Within a short time, the capacitor approaches 12 volts and the battery is pumping almost no power into the primary.  Therefore the plasma shuts down and the spark cycle is terminated.  The loop returns back to it's intital conditions before the switch was closed; the capacitor having 12 volts across it and the primary not conducting and therefore having is zero volts across it.
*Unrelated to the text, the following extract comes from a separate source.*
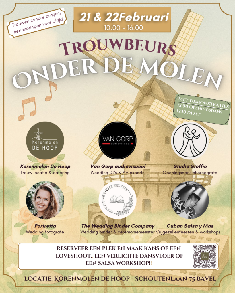Op 21 & 22 februari 2026 staan we op de trouwbeurs in Korenmolen De Hoop in Bavel Zien we jullie daar?
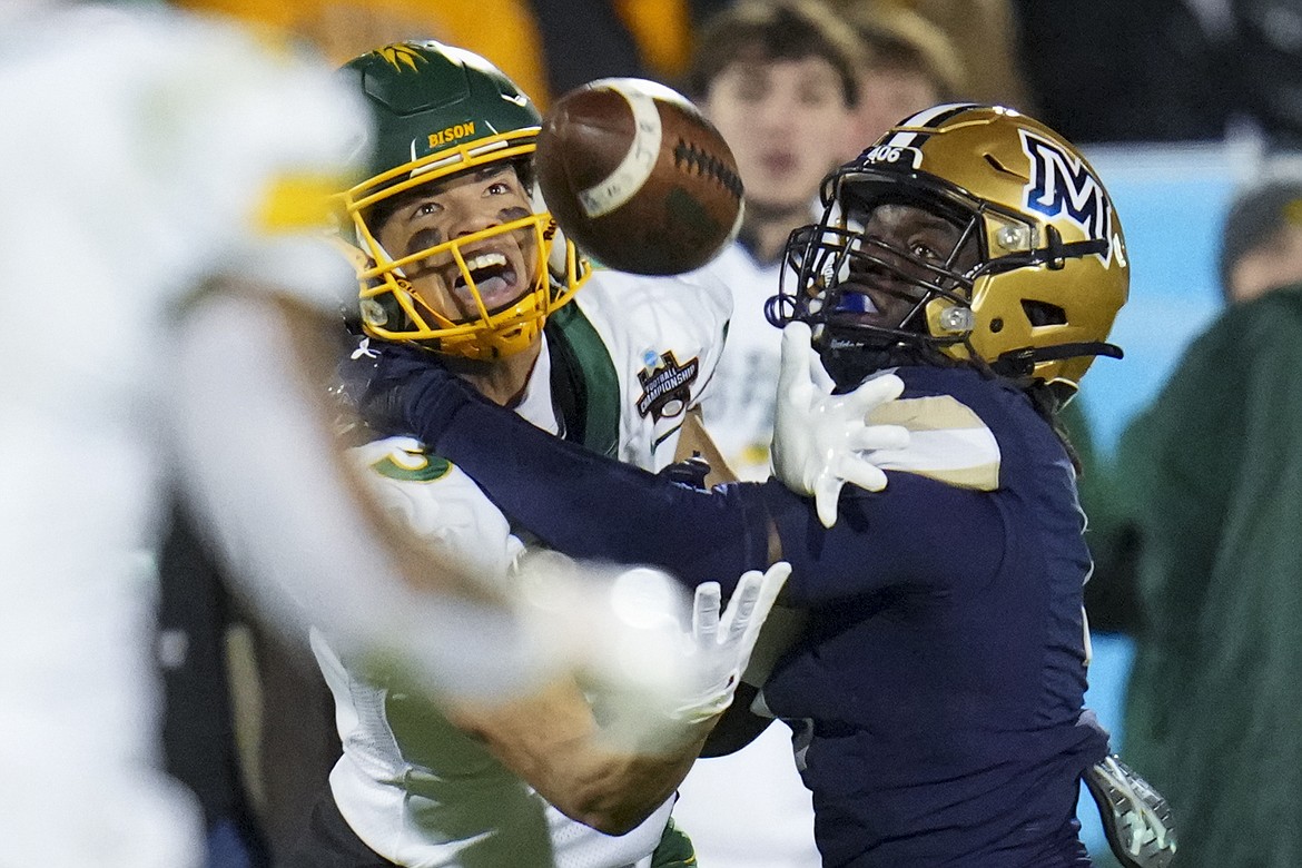 Montana State defensive back Andrew Powdrell, right, defends against a pass intended for North Dakota State wide receiver Bryce Lance during the first half of the FCS Championship NCAA college football game, Monday, Jan. 6, 2025, in Frisco, Texas. (AP Photo/Julio Cortez)

If the above explanation is correct, then the reason the spark is bigger with the added capacitor is that the capacitor completes the circuit that allows the battery to discharge directly into the plasma via the coil acting as a step-up transformer.  The plasma creates a resistor and the battery discharges through this "plasma resistor" until the capacitor reaches a high enough voltage to shut down the "direct battery-plasma reaction."  There may be some secondary voltage ringing artifacts observed, but these will have nothing to do with the actual plasma burn.  To verify this, a small loop of wire could be carefully placed near the high voltage circuit to act as a pick-up coil that detects the "ticks" on a scope that show the start of the plasma burn and the end of the plasma burn.  A second scope channel could look at the voltage increasing on the capacitor.  The assumption is that you would see a "plasma start burn tick" just as the capacitor voltage starts to rise and an "plasma end burn tick" when the capacitor voltage approaches 12 volts.  If any secondary ringing is observed, the assumption is that the ringing will not be directly related to the "direct battery-plasma reaction."

So, the instant after the switch opens, when you look at the capacitor voltage, you will see it start at zero volts and end at 12 volts.  When you look at the primary voltage, you will see it start at 12 volts and end at zero volts.  There will be no ringing or resonance, rather there wil just be singular rises and falls of voltage in the primary circuit - a "one shot."  This is a classic pulse circuit action.